All of lore.kernel.org
 help / color / mirror / Atom feed
From: Samiullah Khawaja <skhawaja@google.com>
To: Jens Axboe <axboe@kernel.dk>, Pavel Begunkov <asml.silence@gmail.com>
Cc: Alexander Viro <viro@zeniv.linux.org.uk>,
	Greg Kroah-Hartman <gregkh@linuxfoundation.org>,
	Sasha Levin <sashal@kernel.org>,
	io-uring@vger.kernel.org, linux-fsdevel@vger.kernel.org,
	linux-kernel@vger.kernel.org, stable@vger.kernel.org,
	Hao Xu <haoxu@linux.alibaba.com>, Abaci <abaci@linux.alibaba.com>,
	Samiullah Khawaja <skhawaja@google.com>
Subject: [PATCH] io_uring: don't hold uring_lock when calling io_run_task_work*
Date: Sat,  3 Dec 2022 00:23:05 +0000	[thread overview]
Message-ID: <20221203002305.1203792-1-skhawaja@google.com> (raw)

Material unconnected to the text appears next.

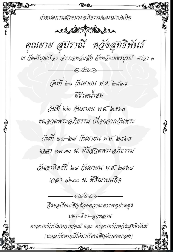 “ขอความกรุณาทุกท่าน งดแชร์รูปภาพ แจ้งข่าวสาร ลงในกลุ่ม และเพจ ต่างๆในโซเชียลมีเดีย ด้วยความเคารพต่อประสงค์ของคุณยายของเรา และทางเจ้าภาพมีความเกรงใจแขกทุกท่าน ในช่วงเวลานี้ ขอขอบพระคุณทุกกำลังใจและความเข้าใจจากทุกท่านมา ณ ที่นี่ด้วย ด้วยความเคารพอย่างสูง” กำหนดการต่างๆจะแจ้งให้ทุกท่านทราบเร็วๆนี้นะครับ
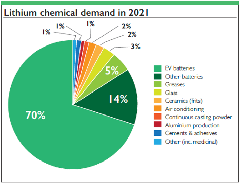 في المقام الأول في البطاريات القابلة لإعادة الشحن، والسبائك الخفيفة، وشحوم التشحيم، والمستحضرات الصيدلانية.

From: Hao Xu <haoxu@linux.alibaba.com>

commit 8bad28d8a305b0e5ae444c8c3051e8744f5a4296 upstream.

[Backported on top of stable 5.10 since the issue was introduced into it
with commit referred in Fixes tag below. The backport is done without
`file` to `rsrc` refactoring since it is not in 5.10].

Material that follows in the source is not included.